*About this exercise*: Beginning with the line containing "Худи – oversize" and ending at the last line of the data, set down every line exactly, leaving out all pictures.

Records provided section start

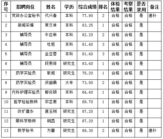 根据中共曲靖市委组织部 曲靖市人力资源和社会保障局《关于印发〈曲靖市事业单位公开招聘人员试行办法〉的通知》(曲人社〔2011〕55号)及《曲靖医学高等专科学校2017年公开招聘编制外工作人员公告》规定,现将曲靖医专2017年公开招聘招聘编制外工作人员体检、考察结果及拟录(聘)用人员名单公示如下(公示期为7个工作日):
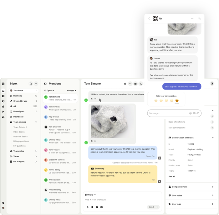 The Intercom Customer Service Suite combines the #1 AI Agent for customer support with a next-gen Helpdesk—built on a single platform that maximizes team efficiency and delivers superior service.
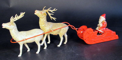 Vintage Japanese 1920s Celluloid Reindeer w Sleigh & Santa w Paper Labels
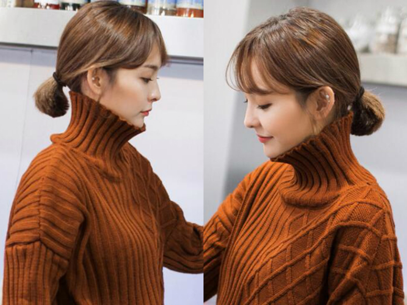 就算是短发也可以扎马尾辫哦,如妹子所示一样,把及肩的短发全部捋到一起,用橡皮筋简单的绑成一个小发束,贴垂在脑后看起来可爱又精致,额前的刘海随意拨散开来,整个造型给人一种知性又干练感觉。
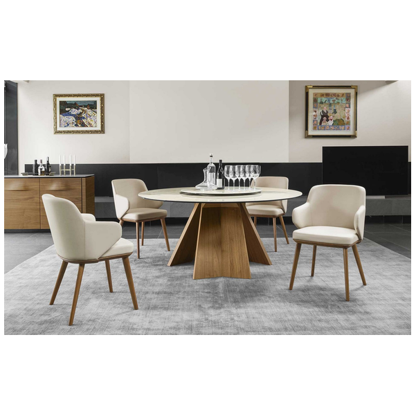Icaro to stół z ceramicznym blatem i podstawą składający się z trzech elementów z fornirowanego drewna o grubości 40 mm. Niech skrzydła Icaro podniosą Twoją jadalnię na nowe wyżyny, elegancko zakotwiczając ten nierozciągający się okrągły stół u podstawy. To bardzo elegancki i niezwykle funkcjonalny mebel. Można go nawet wyposażyć w leniwy gramofon Susan, umieszczony pośrodku, tak aby wszyscy goście mogli wygodnie obsłużyć siebie.
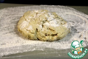 Утром вынимаем тесто и кладем на стол, присыпанный мукой. Посыпаем сверху немного муки
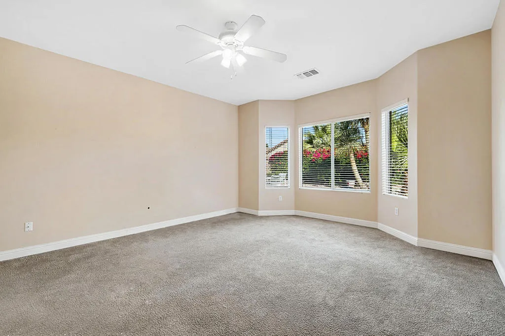 This beautifully refreshed Newport Model in Sun City Palm Desert offers an inviting atmosphere with a soft, neutral interior palette and durable wood-style laminate flooring throughout the main living areas, with carpeting reserved for the bedrooms.The remodeled kitchen showcases crisp white cabinetry, solid surface countertops, and a full suite of stainless steel appliances, creating a bright and functional cooking space. The generously sized primary suite features a charming bay window alcove--perfect for a reading nook, small office setup, or sitting area. The en suite bath includes dual sinks, a walk-in shower, a white vanity, and a spacious walk-in closet. A well-positioned guest bath conveniently doubles as a powder room for visitors.Additional highlights include custom window coverings, ceiling fans throughout, and the builder-option extended garage offering extra space for a golf cart, workshop area, or added storage. A brand-new tankless water heater has also been recently installed.Ideally located within a section of the community that enjoys its own private neighborhood pool, this home offers both comfort and convenience. HOA dues include internet service, cable TV, and access to the nearby community pool. The property is just moments from the residents-only south gate for quick entry and exit, and close to the convenient golf cart and pedestrian access gate leading to Stater Bros., dining, banking, and additional shopping options.
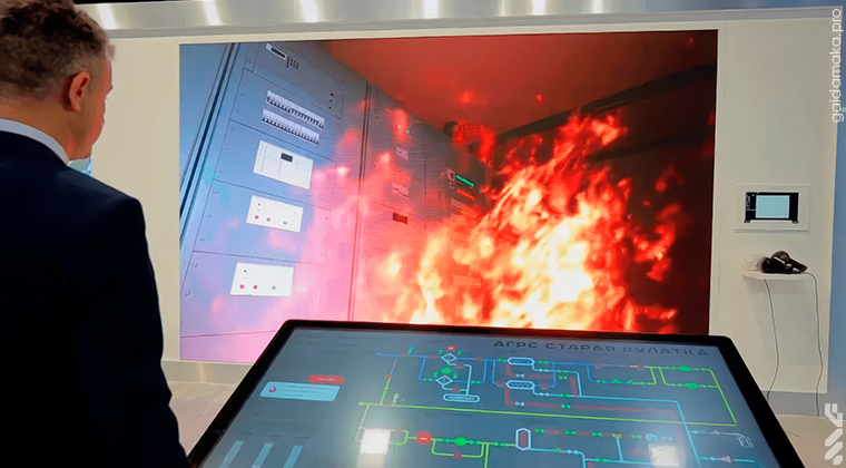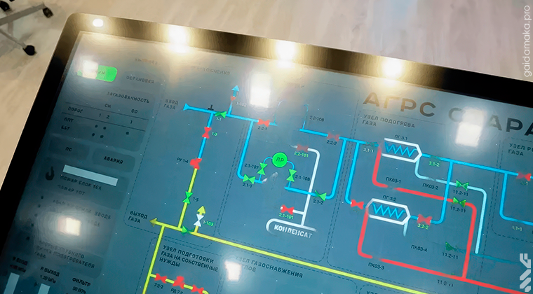 If you watched the video, you probably noticed that our VR model includes a touchscreen table, a display screen, and a virtual reality headset. The image on the touchscreen table is fully synchronized with the mnemonic diagram on the operator’s screen and reflects the current state of the entire gas distribution station.
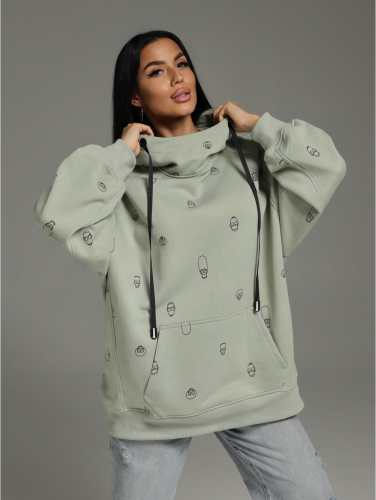 Худи – oversize кроя с притачным поясом по низу, с длинным рукавом реглан на манжете.
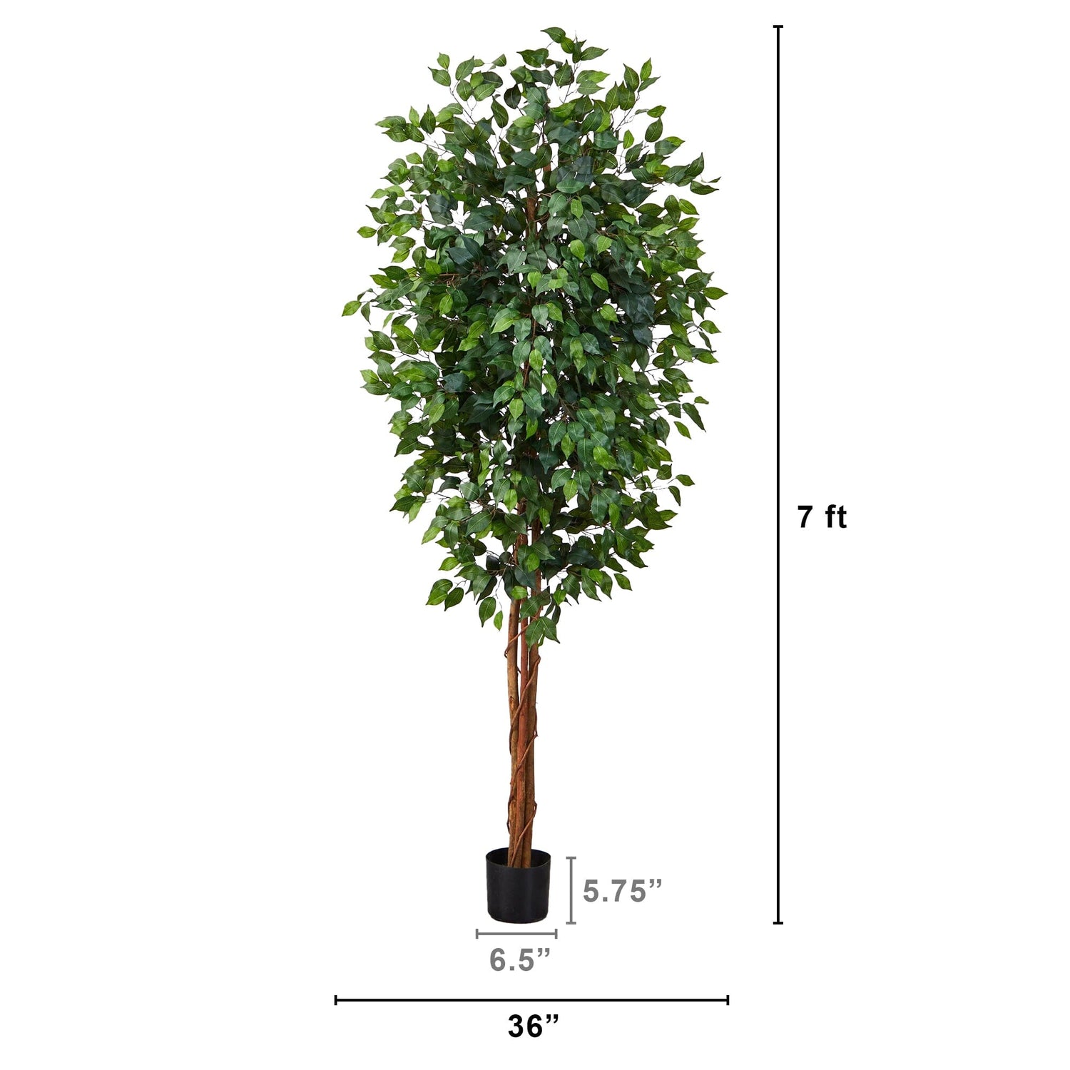 Unlike the real Ficus tree (which is finicky and practically leafless in almost any home light conditions), our Ficus tree is eternally verdant and deep green with 1260 individual leaves on several sturdy branches. Measuring seven feet in height, this wonderful reproduction Ficus would look lovely in a picture window, home entranceway, or even the office.

Records provided section end

*Solution for this task*:
 Худи – oversize кроя с притачным поясом по низу, с длинным рукавом реглан на манжете.
 Unlike the real Ficus tree (which is finicky and practically leafless in almost any home light conditions), our Ficus tree is eternally verdant and deep green with 1260 individual leaves on several sturdy branches. Measuring seven feet in height, this wonderful reproduction Ficus would look lovely in a picture window, home entranceway, or even the office.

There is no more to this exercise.